Let's generate some synthetic data and benchmark how long it takes to run lm_log_posterior_1.

Random.seed!(123)

function generate_data(N::T, D::T) where {T<:Integer}
    β = randn(D) * (2 * log(D))^(1.0 / 4)
    x = randn(N, D)
    y = zeros(Float64, N)
    for i in 1:N
        y[i] = randn() * 0.5 + dot(x[i,:], β)
    end

    return β, x, y
end

### Generate data with 1000 observations and 10 covariates
D = 10
β, X, y = generate_data(1000, D)

### Benchmark function
Param = ones(D + 1)
@benchmark lm_log_posterior_1($Param, $X, $y)
BenchmarkTools.Trial: 362 samples with 1 evaluation per sample.
 Range (min … max):  11.741 ms … 262.848 ms  ┊ GC (min … max): 0.00% … 94.87%
 Time  (median):     12.357 ms               ┊ GC (median):    0.00%
 Time  (mean ± σ):   13.819 ms ±  13.364 ms  ┊ GC (mean ± σ):  7.57% ±  7.89%

   ▁▅▅█▆▇ ▁                                                     
  ▄████████▇▇▅▄▃▂▂▅▄▄▃▄▅▄▃▄▂▂▂▂▁▁▁▁▂▁▁▁▂▃▃▃▃▃▃▃▄▃▃▄▂▄▃▃▁▁▄▂▁▁▂ ▃
  11.7 ms         Histogram: frequency by time         17.1 ms <

 Memory estimate: 22.92 MiB, allocs estimate: 37.

Let's see if we can improve on this by pre-allocating some of our variables and specifying the type of variables.

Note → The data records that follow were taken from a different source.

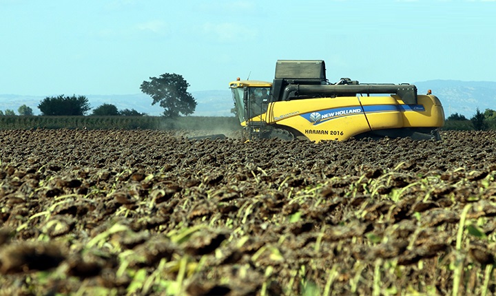 Yaklaşık bir ay önceki renk tonlarını kaybeden ve şekil itibarıyla güneşe doğru bakan günebakanlar, hasat zamanında solmuş rengi ve toprağa eğilmiş başlarıyla biçilmeye hazır.
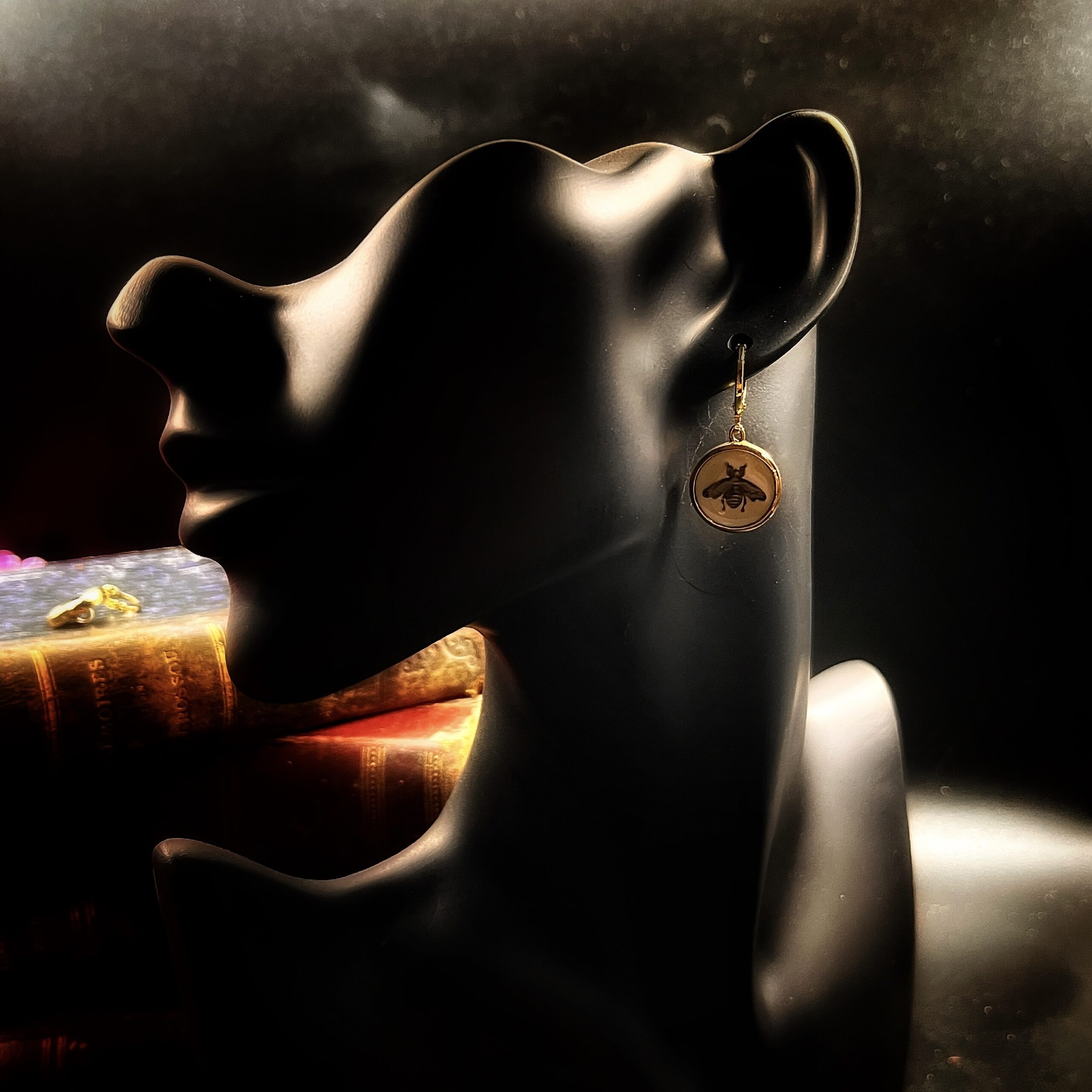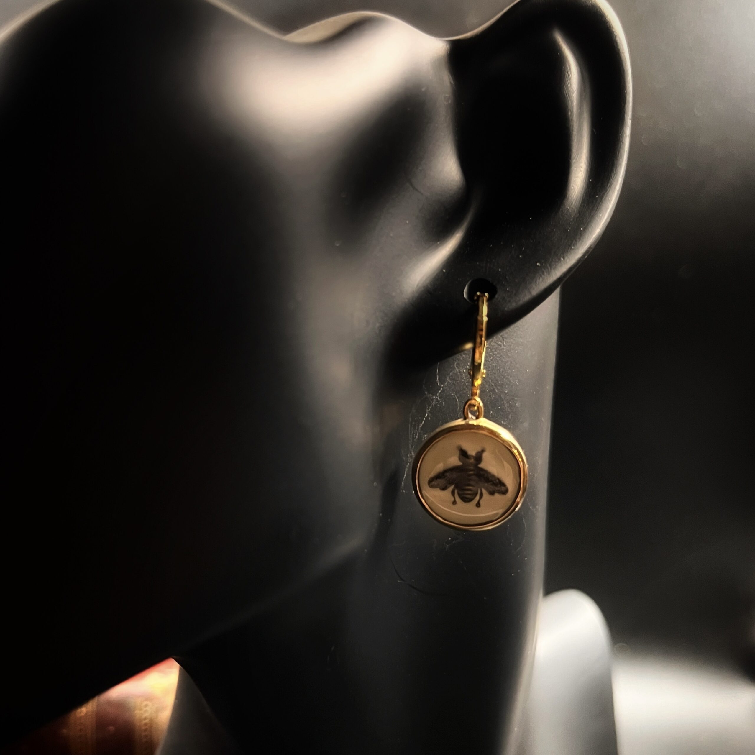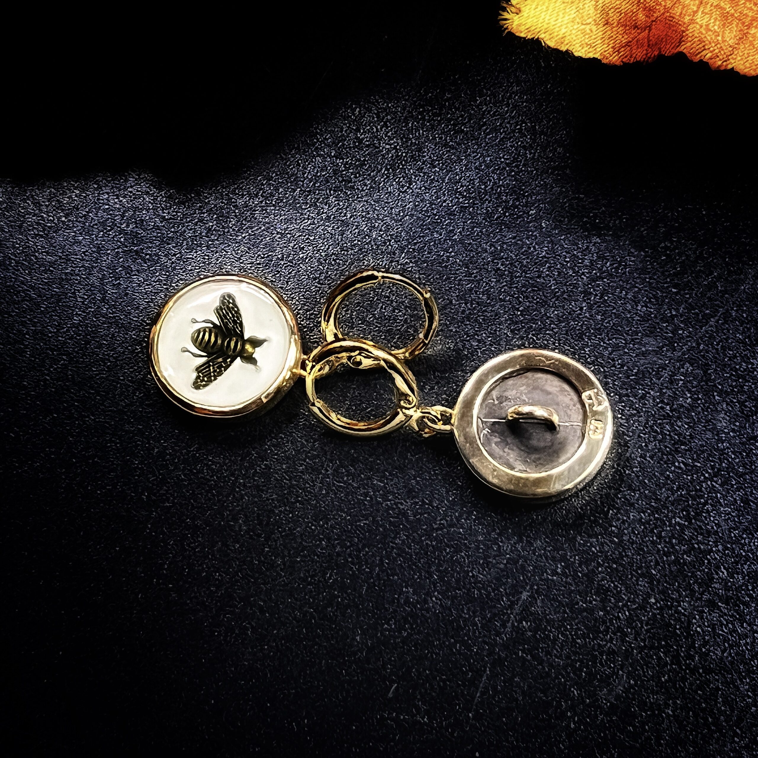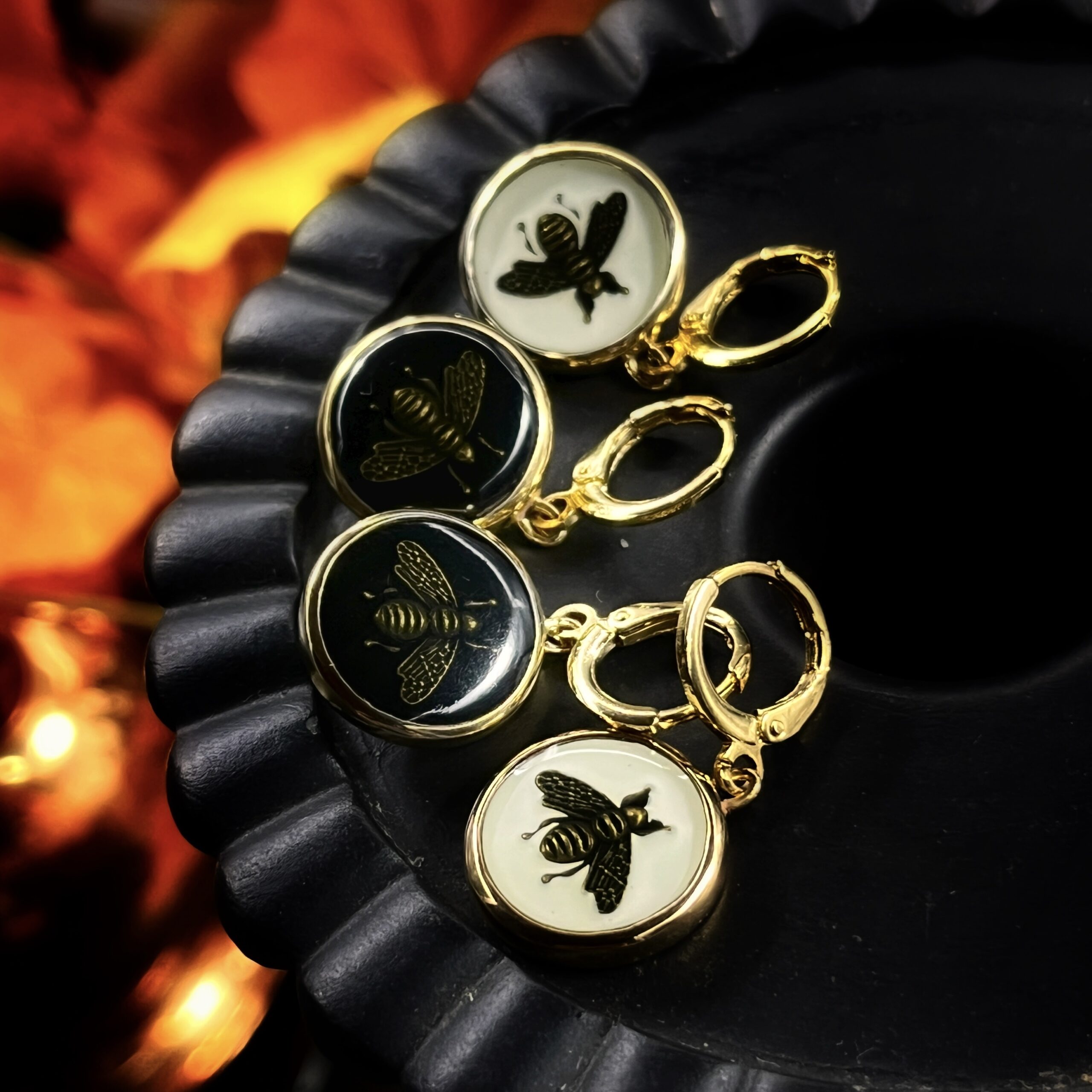 “Pascale” Black Gold Vintage Gucci Bee Button Earrings
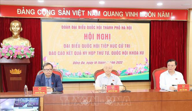 Tổng Bí thư Nguyễn Phú Trọng và các Đại biểu Quốc hội dự hội nghị tiếp xúc cử tri tại quận Đống Đa.
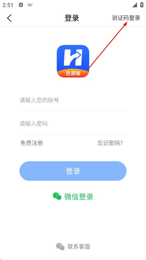 2、進入登錄頁面,點擊頁面右上角“驗證碼登錄”按鈕。
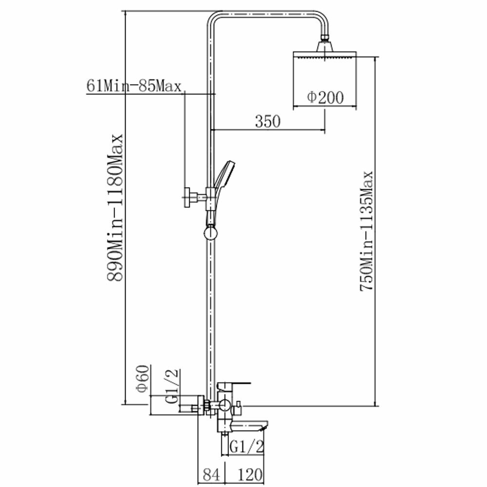 штанга: сталь SUS304, сатин, H=750-1135 мм
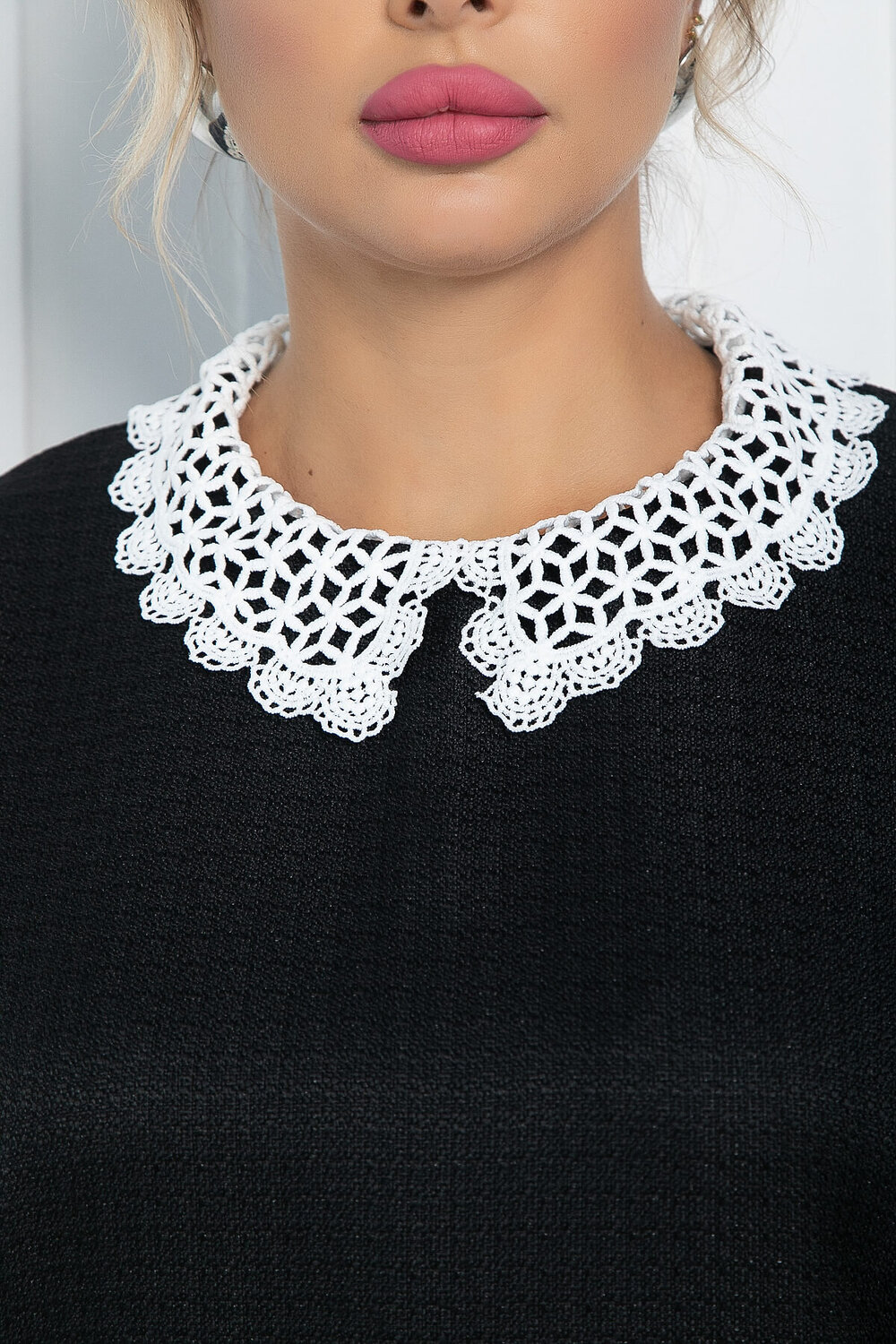 В гардеробе каждой девушки должно быть чёрное платье. Оно имеет декоративный воротник белого цвета, украшенный нежным кружевом. Воротник съёмный, поэтому платье можно будет носить и после мероприятия, не пряча его в шкаф. Универсальный крой модели позволяет создавать элегантные повседневные образы.

function lm_log_posterior_2(Param::AbstractVector{Y}, X::AbstractMatrix{Y},
                            y::AbstractVector{Y}, μ::AbstractVector{Y},
                            μ_0::AbstractVector{Y}, Σ_I_N::AbstractMatrix{Y},
                            Σ_I_P::AbstractMatrix{Y}) where {Y<:AbstractFloat}
    P = length(Param)
    @views μ .= X * Param[1:(P-1)]
    lpdf = logpdf(MvNormal(μ, exp(Param[P]) * Σ_I_N), y)
    @views lpdf += logpdf(MvNormal(μ_0,  Σ_I_P), Param[1:(P-1)])
    lpdf += logpdf(InverseGamma(1, 1), exp(Param[P])) + Param[P]

    return lpdf
end

### Pre-allocate parameters
μ = zeros(1000)
Σ_I_N = diagm(ones(1000))
Σ_I_P = diagm(ones(D))
μ_0 = zeros(D)
@benchmark lm_log_posterior_2($Param, $X, $y, $μ, $μ_0, $Σ_I_N, $Σ_I_P)
BenchmarkTools.Trial: 420 samples with 1 evaluation per sample.
 Range (min … max):  11.038 ms …  15.037 ms  ┊ GC (min … max): 0.00% … 9.72%
 Time  (median):     11.733 ms               ┊ GC (median):    0.00%
 Time  (mean ± σ):   11.928 ms ± 625.086 μs  ┊ GC (mean ± σ):  1.45% ± 3.57%

         ▁▆▇▄▆▇▅█▄▂▂▁▄ ▂ ▂                                      
  ▃▃▃▄▄▄▆███████████████▆█▄▅▄▄▃▃▃▃▃▁▃▁▁▃▁▃▄▃▃▃▃▄▃▆▁▃▅▃▄▃▃▄▃▃▃▃ ▄
  11 ms           Histogram: frequency by time         13.7 ms <

 Memory estimate: 15.28 MiB, allocs estimate: 21.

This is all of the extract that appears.